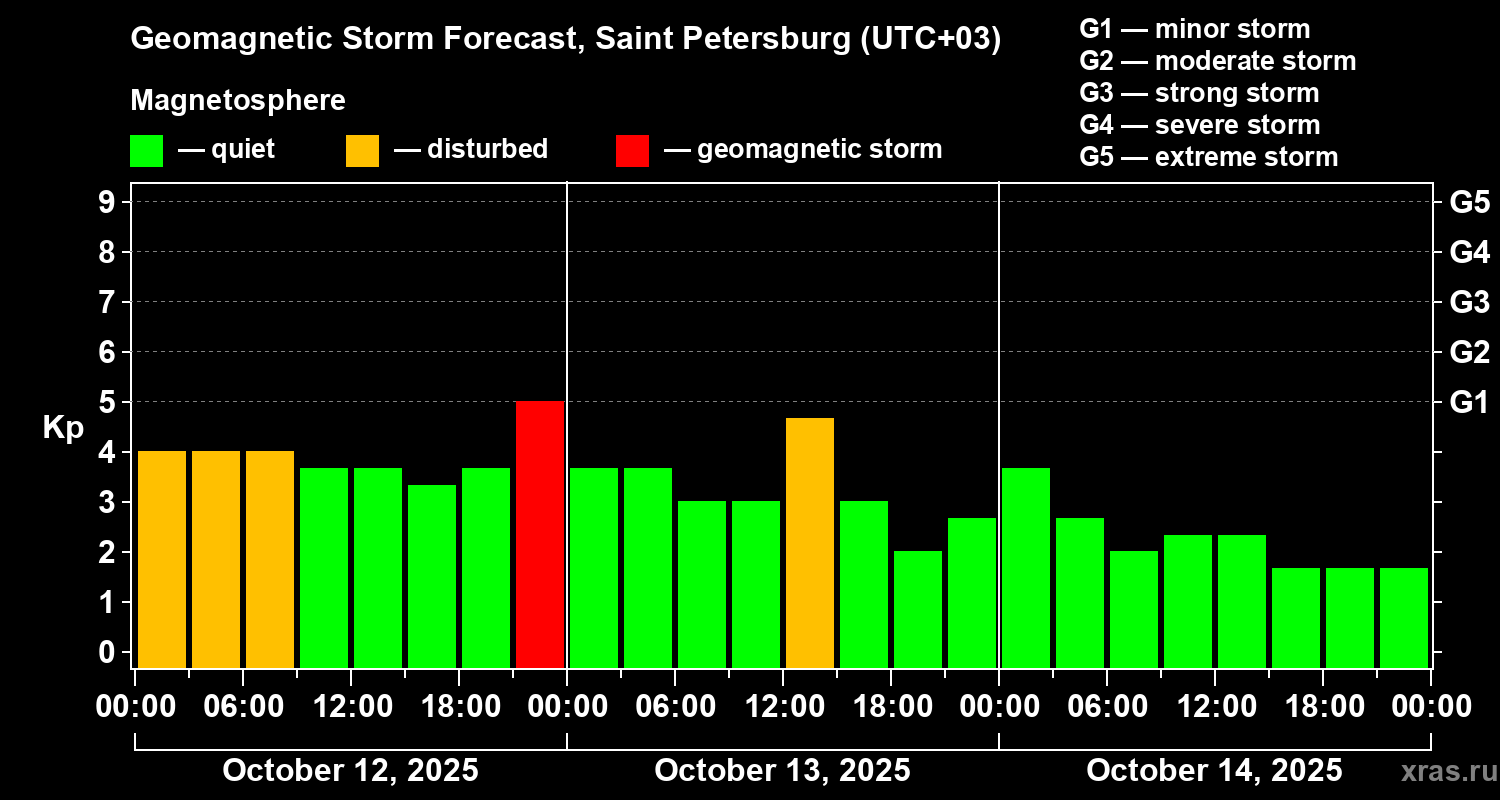 Geomagnetic storm forecast in Saint Petersburg for Oct 12, 2025
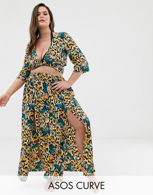 ASOS DESIGN Curve - Coordinato da mare animalier tropicale con gonna e top con laccetti
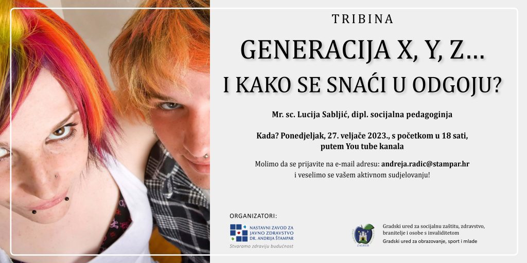 Tribina za roditelje i stručne suradnike u školama i drugim odgojno-obrazovnim ustanovama: „Generacija X, Y, Z… i kako se snaći u odgoju?“ održat će se u ponedjeljak, 27. veljače 2023. godine, s početkom u 18 sati putem Youtube kanala. Vodit će je mr. sc. Lucija Sabljić, dipl. socijalna pedagoginja iz Službe za mentalno zdravlje i prevenciju ovisnosti NZJZ „Dr. Andrija Štampar“
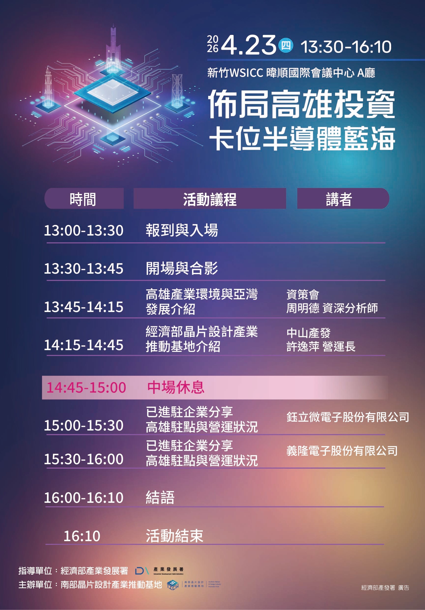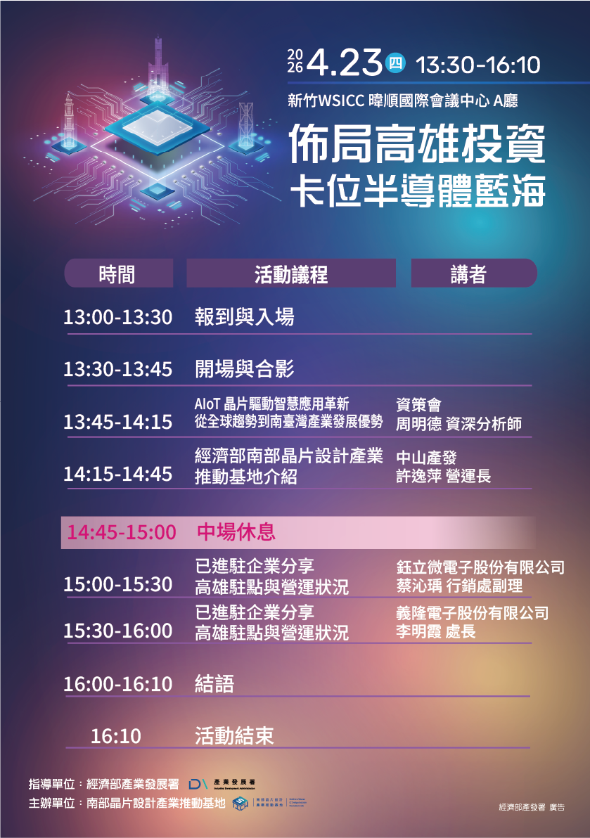 透過在地產業聚落現況、政策與資源支持說明,以及晶片設計產業發展基地與服務能量介紹,活動將具體呈現企業在高雄設點可對接的資源體系、合作模式與落地路徑,協助企業建立更具依據的評估基礎。
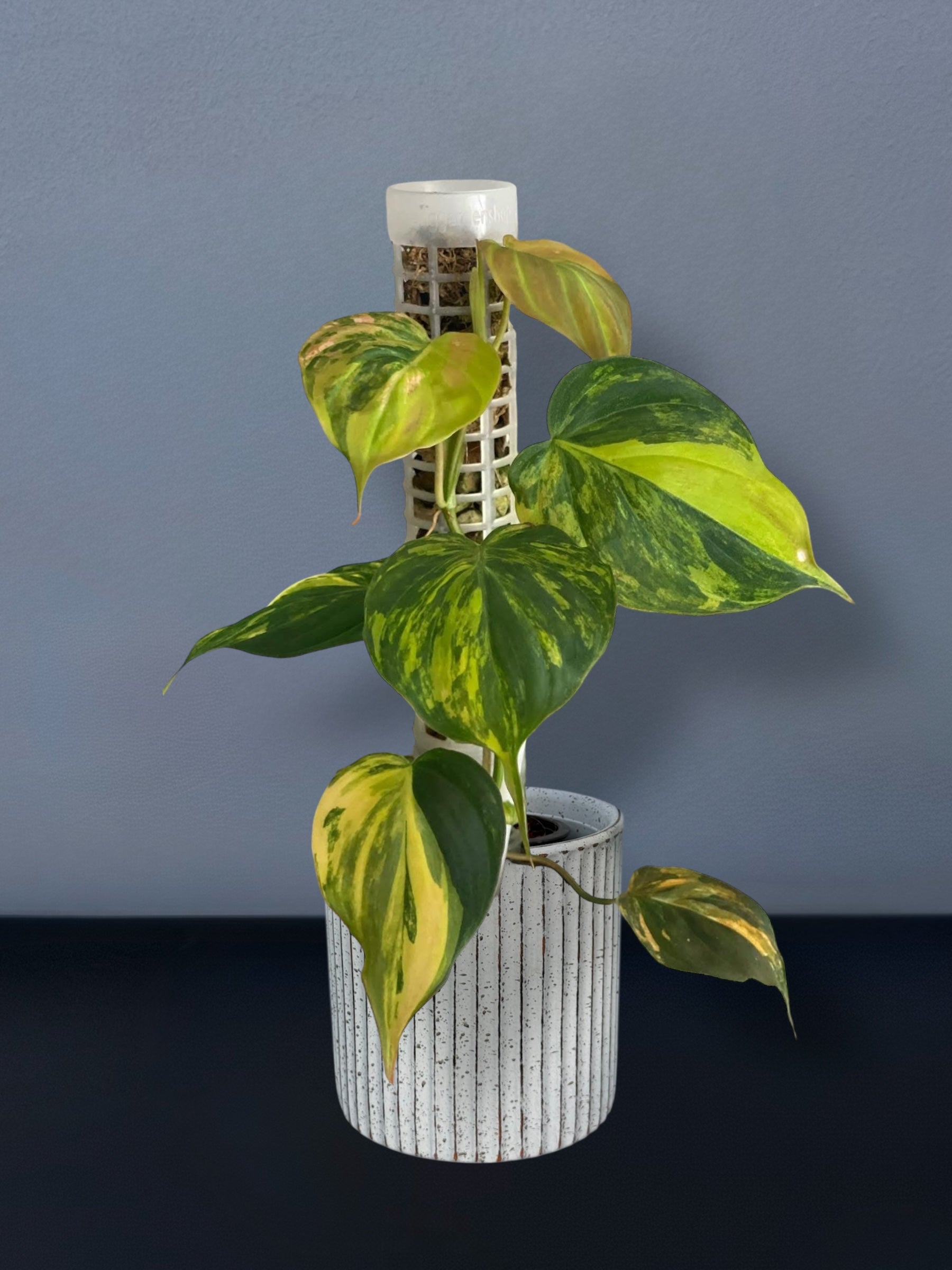 The Philodendron Mican Variegated is a rare form of the classic Mican, appreciated for its soft, velvety leaves and gentle variegation in cream and light green tones. The subtle color variations blend naturally with the deep green foliage, giving the plant a calm and balanced appearance.

EXERCISE GOAL:
Except for the pictures, set down all of the records exactly as they are.

FINISHED EXERCISE:
 Geomagnetic storm forecast in Saint Petersburg for Oct 12, 2025
 ASOS DESIGN Curve - Coordinato da mare animalier tropicale con gonna e top con laccetti
 Tribina za roditelje i stručne suradnike u školama i drugim odgojno-obrazovnim ustanovama: „Generacija X, Y, Z… i kako se snaći u odgoju?“ održat će se u ponedjeljak, 27. veljače 2023. godine, s početkom u 18 sati putem Youtube kanala. Vodit će je mr. sc. Lucija Sabljić, dipl. socijalna pedagoginja iz Službe za mentalno zdravlje i prevenciju ovisnosti NZJZ „Dr. Andrija Štampar“
 透過在地產業聚落現況、政策與資源支持說明,以及晶片設計產業發展基地與服務能量介紹,活動將具體呈現企業在高雄設點可對接的資源體系、合作模式與落地路徑,協助企業建立更具依據的評估基礎。
 The Philodendron Mican Variegated is a rare form of the classic Mican, appreciated for its soft, velvety leaves and gentle variegation in cream and light green tones. The subtle color variations blend naturally with the deep green foliage, giving the plant a calm and balanced appearance.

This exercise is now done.